D’où la création d’une boîte à outils ASCOP, fruit d’une véritable collaboration, qui comporte avant tout un explorateur d’objectifs. « Cet outil est conçu pour aider les bénéficiaires à exprimer leurs priorités de vie, à travers des questions simples mais fortes : « Qu’est-ce qui est important pour vous ? Que souhaitez-vous réaliser malgré vos difficultés actuelles ? » « Prenons par exemple une dame qui vient de sortir de l’hôpital. Elle a entre 75 et 80 ans, elle est veuve et elle vit seule. Une aide familiale va s’occuper de sa lessive et de ses repas, une infirmière de ses soins de plaie ou de ses injections, une kiné de sa revalidation. Mais  est-ce que cette dame se sent bien ? A-t-elle une bonne qualité de vie ? Elle a été active toute sa vie, elle déteste rester dans un fauteuil et elle adore faire la cuisine. Si les membres de l’équipe négligent cette réalité, la bénéficiaire ne peut qu’être malheureuse. Résignée, peut-être, mais malheureuse quand même. C’est en cela que la démarche ASCOP est originale. Elle tient évidemment compte des difficultés momentanées de cette dame et de la nécessité de l’aider, mais en la prenant comme partenaire, en tenant compte de sa personnalité, de ses désirs, du plaisir qu’elle éprouve à faire une bonne soupe… »

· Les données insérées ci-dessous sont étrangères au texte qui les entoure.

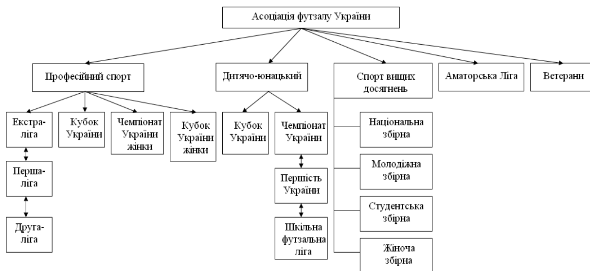
Рис. 2. Система змагань з футболу, що проводяться під егідою АФУ

Важливим моментом в розвитку виду спорту є система змагань. Асоціація футболу України проводить змагання з усіх основних напрямків розвитку спорт: професійного – чемпіонат, першість, Кубок України та Суперкубок України серед команд професійних клубів; чемпіонат, першість і Кубок України серед жіночих команд; спорту вищих досягнень – збірні команди України (Національна, молодіжна, студентська, жіноча) дотримуючись міжнародного календаря матчів, складеного ФІФА/УЄФА; та масового спорту – чемпіонат та Кубок України серед аматорських команд; чемпіонати та першості серед аматорів фізкультурно-спортивних товариств та відомств; чемпіонат і першість України серед дитячо-юнацьких команд у різних вікових категоріях; чемпіонат та Кубок України серед студентських команд (рис.2).

"ASCOP n’est pas un simple projet : c’est une nouvelle manière de penser et d’agir, qui permet à chaque professionnel, chaque bénéficiaire et chaque membre de la famille de coconstruire un accompagnement qui fait sens."

Ambassadeurs ASCOP

Grâce à l’explorateur d’objectifs, auquel s’ajoutent des fiches pratiques pour structurer les tâches quotidiennes et des protocoles de coordination pour assurer la cohérence des interventions, tout professionnel peut maîtriser la démarche ASCOP, l’introduire chez les bénéficiaires, coordonner ses actions avec les autres intervenants et devenir ainsi un ambassadeur ASCOP.  « Les ambassadeurs ASCOP ne prétendent pas que leurs collègues font mal leur métier, mais seulement qu’il est possible d’adopter un autre fonctionnement pour le faire encore mieux, et avec encore plus de respect de la personne.  ASCOP n’est pas un simple projet : c’est une nouvelle manière de penser et d’agir, qui permet à chaque professionnel, chaque bénéficiaire et chaque membre de la famille de coconstruire un accompagnement qui fait sens. Quels que soient les désirs des bénéficiaires, il y a toujours quelque chose à faire. Avec les autres prestataires de soins et en interdisciplinarité. Pour que les gens qui nous font confiance, comme Madame Louise, puissent vivre autant que possible comme ils le souhaitent et retrouver du plaisir dans leur quotidien au lieu de le subir. La démarche ASCOP est plus qu’un défi logistique : une véritable aventure humaine.»